→ **Prompt**: Starting at the first line and ending at the one with "Zestaw profesjonalnych długich", give the lines of the listing again exactly, and nothing else; skip the pictures.
Information provided Start Marker
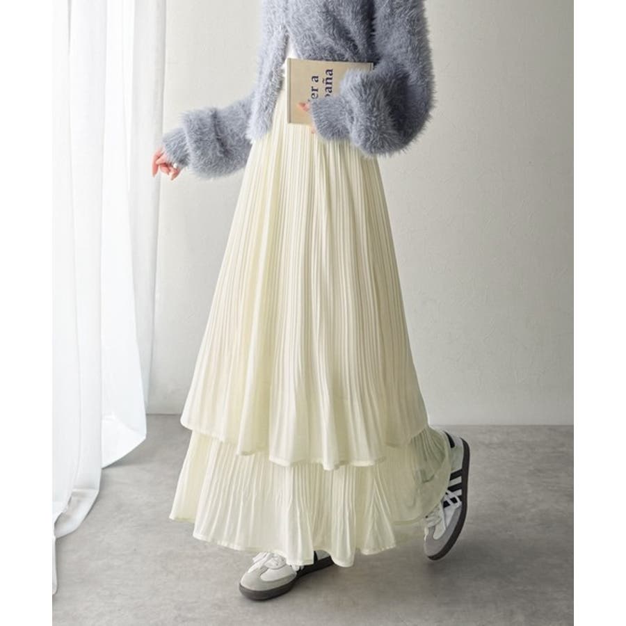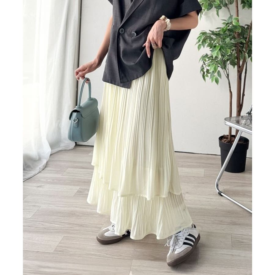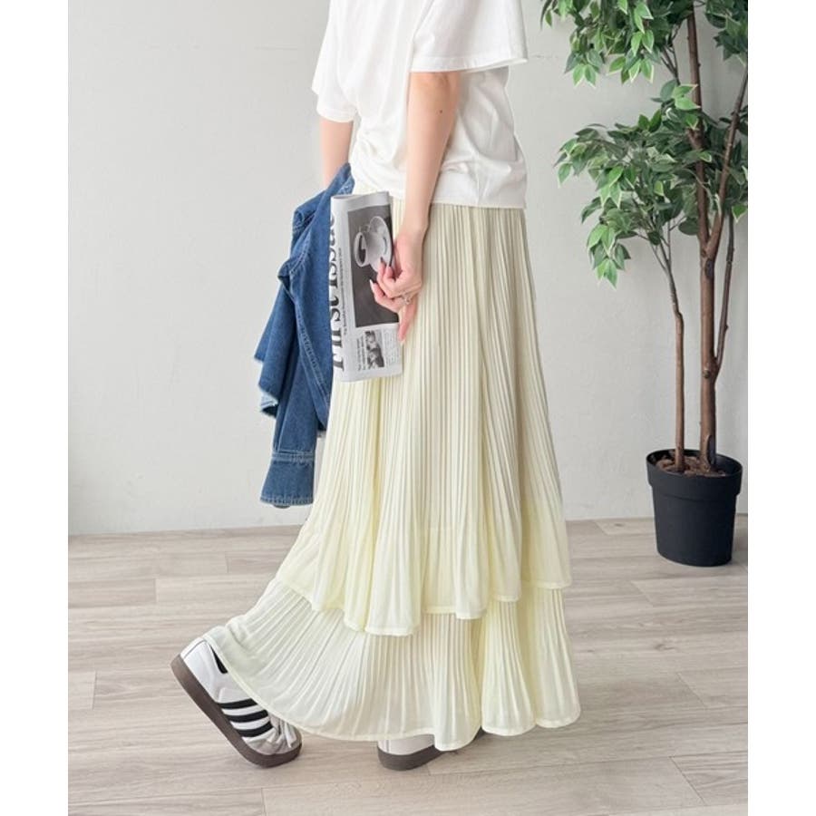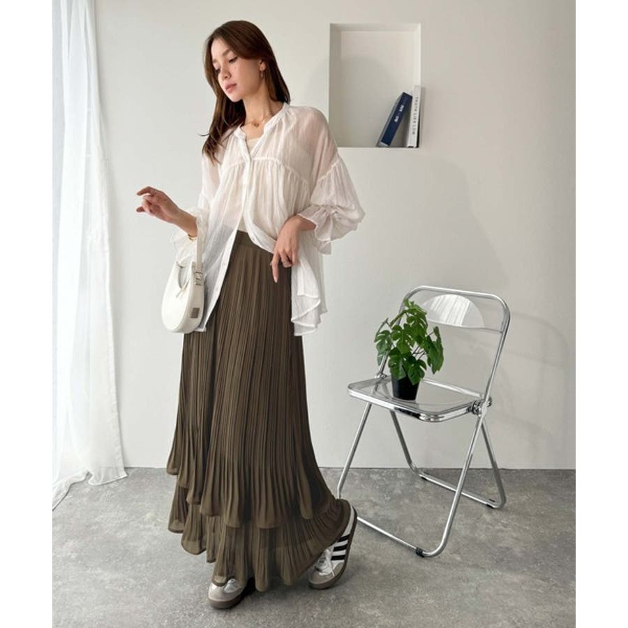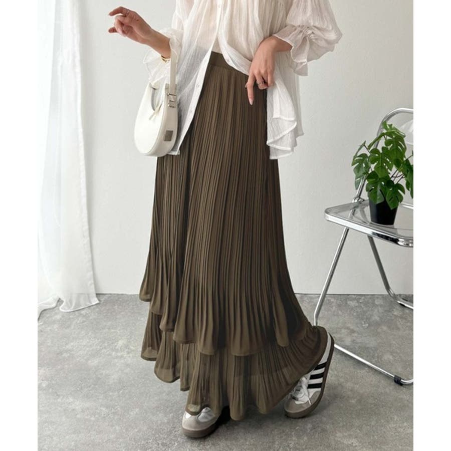 歩くたびにふわっと揺れるシアーな質感が目を惹く、プリーツシアーティアードスカート。
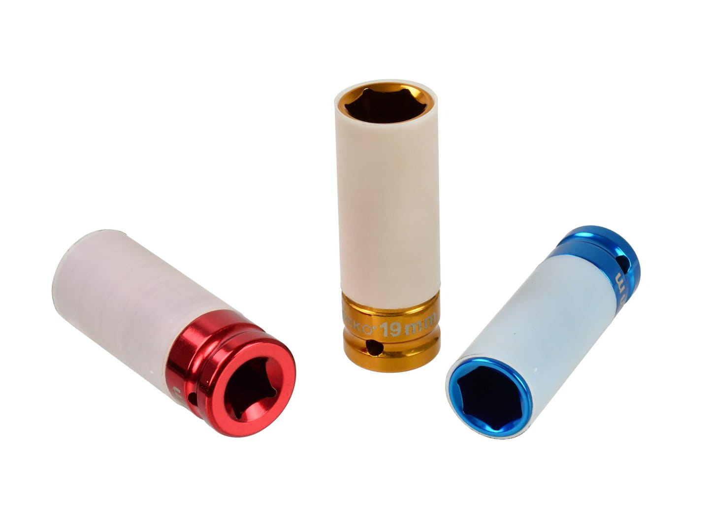 Zestaw profesjonalnych długich nasadek udarowych do alufelg charakteryzujących się bardzo wysoką odpornością na zrywanie i uszkodzenia mechaniczne. Każda z nich posiada osłonę z tworzywa sztucznego, która chroni alufelgę przed zarysowaniami.
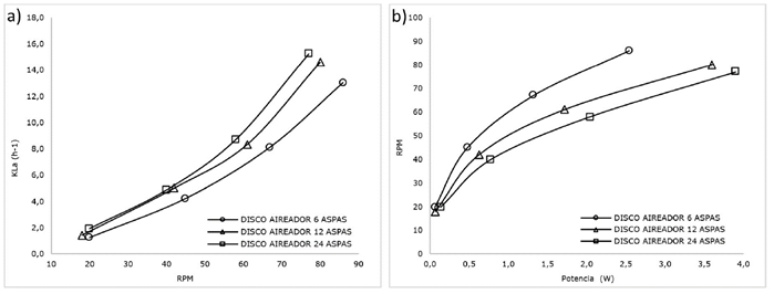 Los valores altos del coeficiente KLa obtenidos para el disco de 24 aspas pueden estar íntimamente relacionados con la intensidad y la cadencia de los impactos individuales provocados por las aspas durante el proceso de rotación 34;. La Figura 4b presenta la relación existente entre las RPM y la potencia consumida para cada uno de los sistemas estudiados. El sistema con disco de 6 aspas presenta una mayor cantidad de RPM, ya que se requiere una menor cantidad de potencia para hacer rotar el dispositivo, traducido en el consumo energético del sistema, así como una reducción en la resistencia generada por la inmersión y el arrastre generado por las aspas dentro del cuerpo de agua 30, 33. El resumen de todos los datos del proceso de aireación obtenidos en este estudio es presentado en la Tabla I. Los datos obtenidos de potencia fueron medidos en W, pero matemáticamente son expresados en kW.
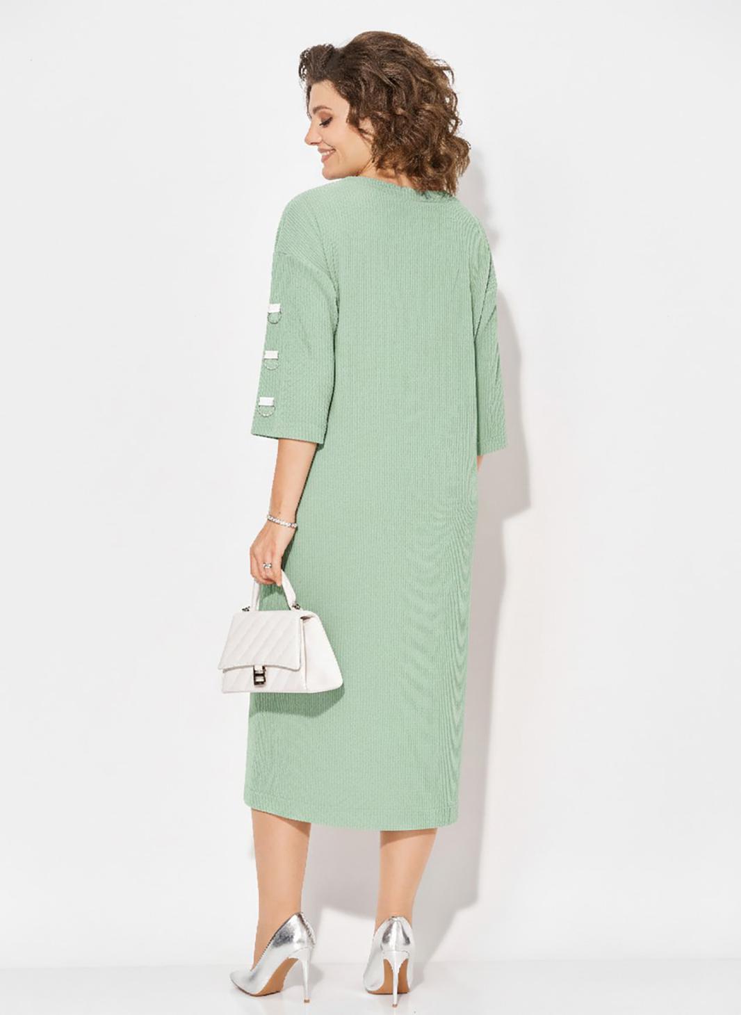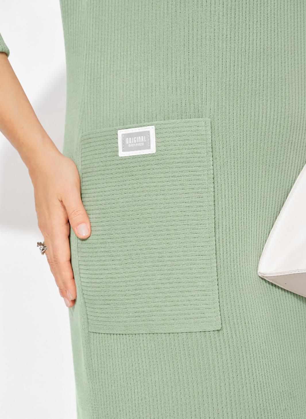 Эффектное платье выполнено из трикотажного штрукса, создано для тех, кто ценит комфорт в повседневной жизни. Модель полуприталенного силуэта со спущенной линией плеча. Рукав длиной3/4-ти украшает ряд декоративных полуколец. Вырез горловины округлый, на мягкой планке. Полочка с отрезной кокеткой и ассиметричным рельефом, переходящим в разрез на свободу движения. Ассиметричный накладной карман украшает декоративная нашивка.
Information provided End Marker
→ **Task solution**:
 歩くたびにふわっと揺れるシアーな質感が目を惹く、プリーツシアーティアードスカート。
 Zestaw profesjonalnych długich nasadek udarowych do alufelg charakteryzujących się bardzo wysoką odpornością na zrywanie i uszkodzenia mechaniczne. Każda z nich posiada osłonę z tworzywa sztucznego, która chroni alufelgę przed zarysowaniami.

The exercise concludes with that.